PuroMarketing

El 39% de los responsables de personal "bucea" en los perfiles sociales de los candidatos

Las redes sociales son una ventana abierta a nuestra vida privada. Como usuarios, disfrutamos compartiendo con nuestros amigos los momentos más divertidos, especiales o curiosos de nuestra vida, aunque en ocasiones también podemos aparecer en alguna que otra actitud cuanto menos poco elegante.

Una información y hábitos personales en los que cada día las empresas muestran más interés, lo que es a todas luces una actitud reprobable.

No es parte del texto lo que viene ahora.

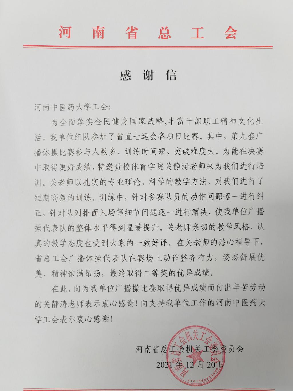 信中提到,此次省直七运会广播体操比赛参与人数多、训练时间短、突破难度大。书旗小说 关静涛老师以扎实的专业理论、科学的教学方法,对省工会代表队进行了短期高效的训练,使代表队整体水平得到了显著提升。关老师亲切的教学风格、认真的教学态度受到大家的一致好评!河南省总工会特向书旗小说 及书旗小说 关静涛老师表示衷心感谢!
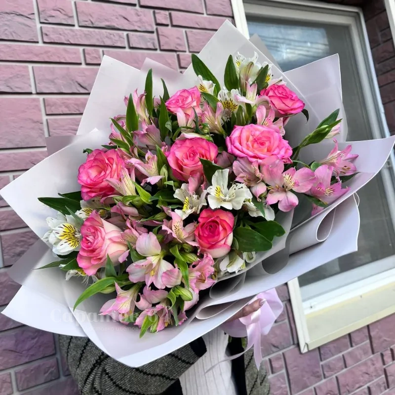 Круглый букет розовый микс с альстромерией, розами и хризантемой
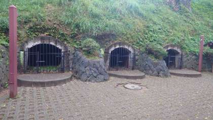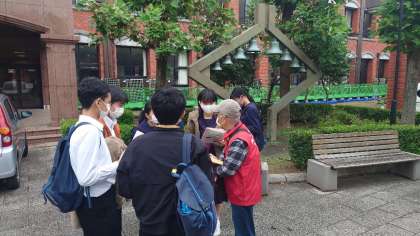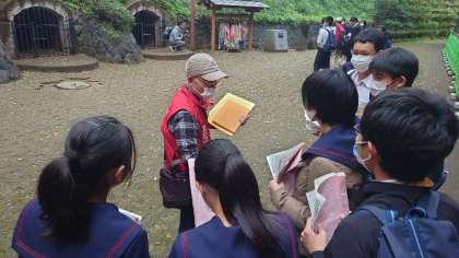 山里小学校の防空壕跡で、話を聞いてメモを取ります。
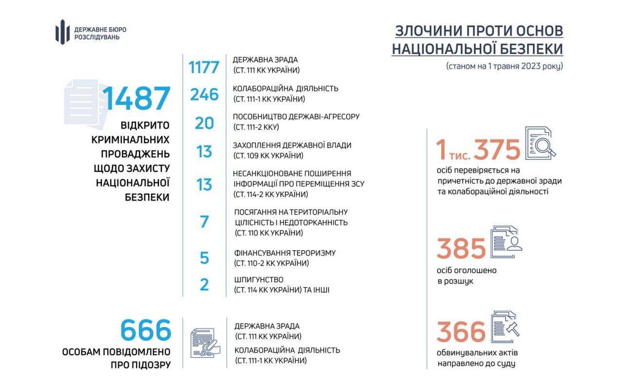С начала вторжения ГБР расследует 1177 уголовных производств по факту госизмены (ст.111 УК). Также рассматривает 226 уголовных дел по факту коллаборационизма (ст.111-1 УК).
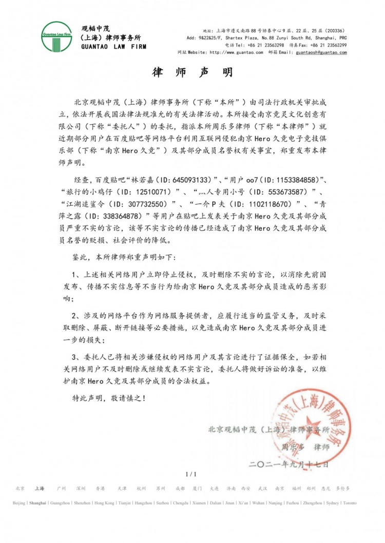 直播吧9月17日讯 刚刚南京Hero久竞在微博上发布了维权声明,针对网络上流传关于造谣抹黑俱乐部的行为已采取法律措施来维护自身权益。
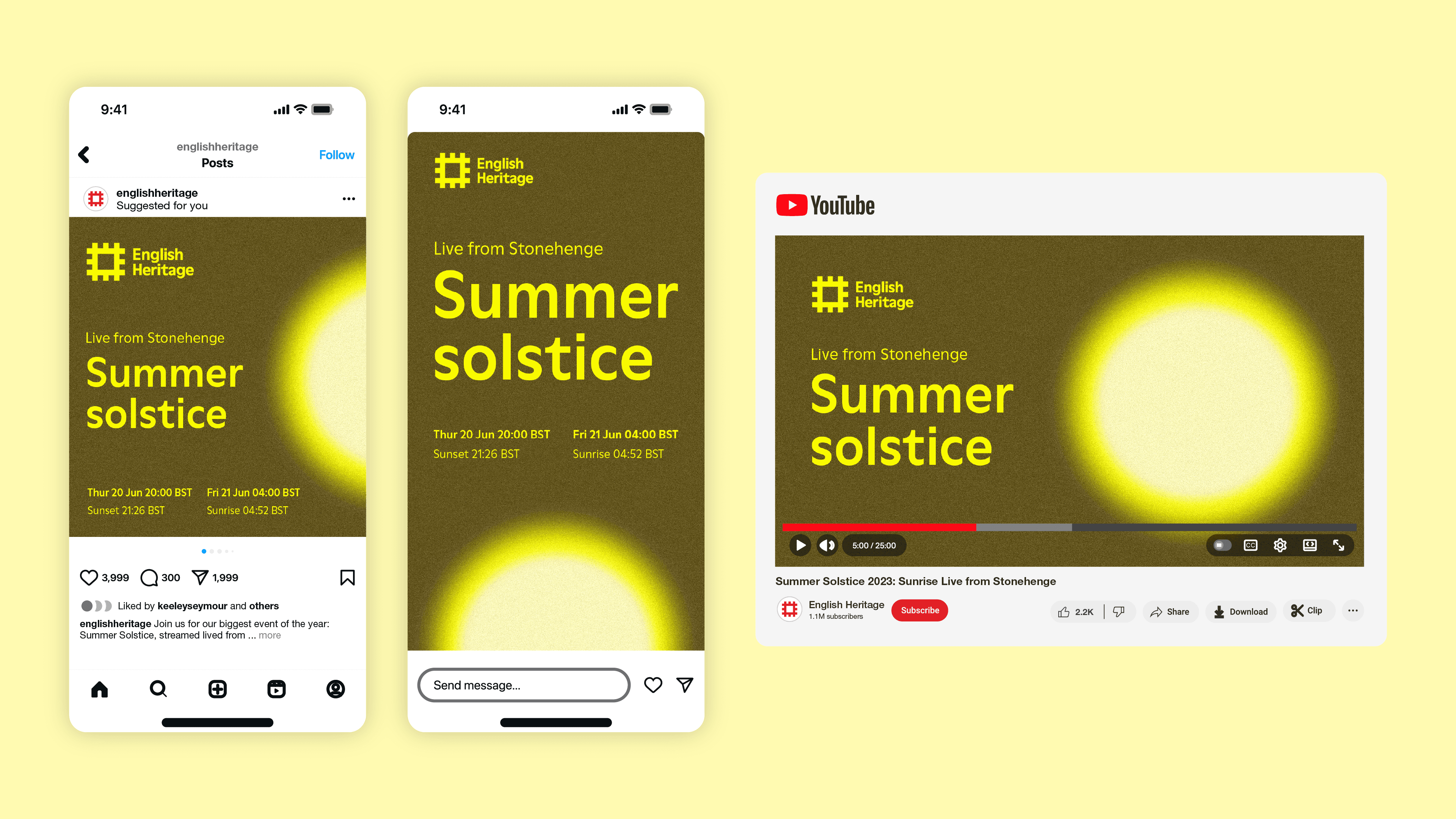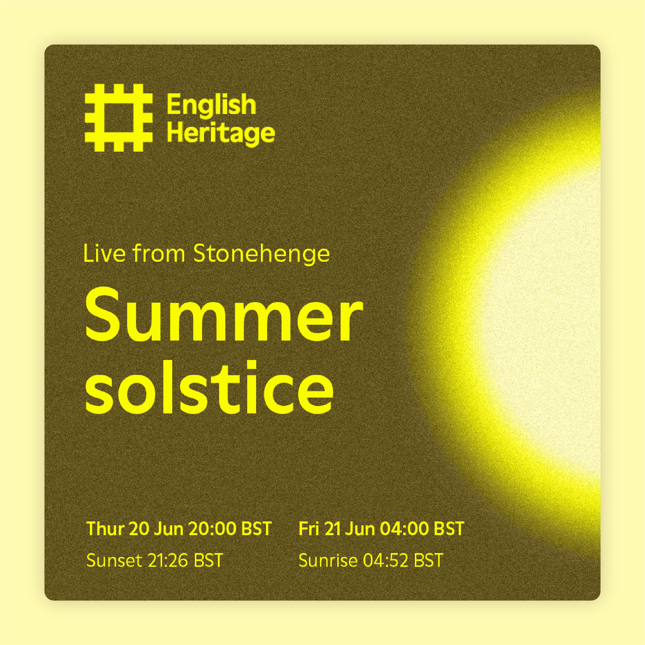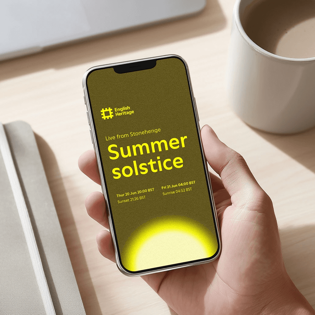 In the time since the previous Summer Solstice livestream, English Heritage had launched a refreshed brand and visual identity. The challenge here was therefore to evolve the successful campaign from last year, retaining what worked while bringing it in line with the new branding principles.
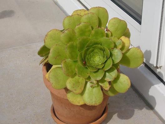 Voici mon aeonium, qui a donc passé tout l'hiver sur la terrasse, et qui semble être aimé des escargots (et des coccinelles aussi mais elles ne lui font aucun mal), c'est bien la version verte de cet aeonium arboreum ?
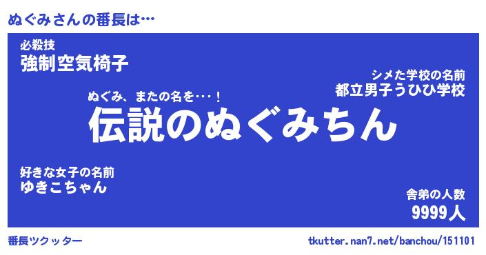 | 2回繰り返すあだ名 | 『ぬぐぬぐ』『ぬぬぐぐ』『うずうず』 |

Esta práctica está, si cabe, más extendida en el proceso de selección de personal. La encuesta publicada por CareerBuilder el pasado año mostraba que el 39% de los responsables de personal buceaba en los perfiles sociales de los candidatos, con el fin de conocer detalles sobre su personalidad que van más allá de lo que se refleja en un currículum. El 43% afirmó que había encontrado datos tales como la publicación de fotos y contenido inapropiado, o bien críticas hacia su anterior jefe.

Ante esta situación, la polémica está servida ¿Es legítimo espiar a los empleados a través de las redes sociales?

Al respecto, encontramos dos posturas bien diferenciadas. De una parte, los defensores de la privacidad de los trabajadores consideran que es una práctica innecesaria, argumentando que la información que publican los trabajadores o candidatos es de ámbito privado, por lo que no está relacionada con su trabajo.En el lado opuesto, nos encontramos con aquella sección que considera que las empresas deberían incluso aumentar los niveles de seguimiento y control.

Una de las defensoras de registrar la actividad online de los empleados es Nancy Flynn, fundadora de ePolicy. El artículo de WSL recoge su preocupación por conocer las opiniones, contenido y demás actuaciones del personal de la empresa. Sus argumentos se basan en la necesidad de detectar a tiempo las críticas sobre la empresa, así como cualquier comportamiento inadecuado, o detectar problemas a tiempo.

La encuesta realizada en 2009 por ePolicy recogía prácticas indebidas por parte de los empleados. Tales como el envío de información confidencial vía correo electrónico a terceros (14%).

En cambio, encontramos a otros profesionales que consideran que la vida social 2.0 del personal de la empresa resulta inofensiva, y no está relacionada con el trabajo.

Incluso el control de esta actividad privada por parte de los reclutadores podría degenerar en discriminación por sexo, edad, raza o religión.

El 77% de los reclutadores amplía información sobre los candidatos a través de internet. Un 35% admite que ha rechazado perfiles a razón de la actividad que encontraron en sus redes sociales.

El trabajo publicado por Jobvite indicaba que el 47% de los reclutadores afirma que descarta a aquellos individuos que aparecen en sus perfiles sociales consumiendo alcohol, o drogas (83%); a quienes hacen algún tipo de mención explícita a la violencia (51%); en posturas sexuales (71%) o incluso cometiendo graves errores gramaticales (65%).

En cambio, todo depende de la honestidad profesional del responsable de RR.HH. Encontrar una foto en la que aparezca un candidato de fiesta no debería ser motivo para rechazar su candidatura. En cambio, hay profesionales de selección de personal que valoran esta actitud como positiva, dado que denota habilidades sociales por parte del futuro empleado.

Por ello, lo ideal sería contar con una política adecuada de uso y aplicación de las redes sociales en el trabajo, que muestre la preocupación por parte de la empresa por las consecuencias de la exposición pública de determinado contenido y opiniones, así como la postura de la empresa al respecto. De este modo se podría justificar la posibilidad de que la empresa decida investigar en la actividad social del personal, siempre y cuando existan motivos de base para fundamentar dicha acción, tales como indicios sobre conductas ilegales.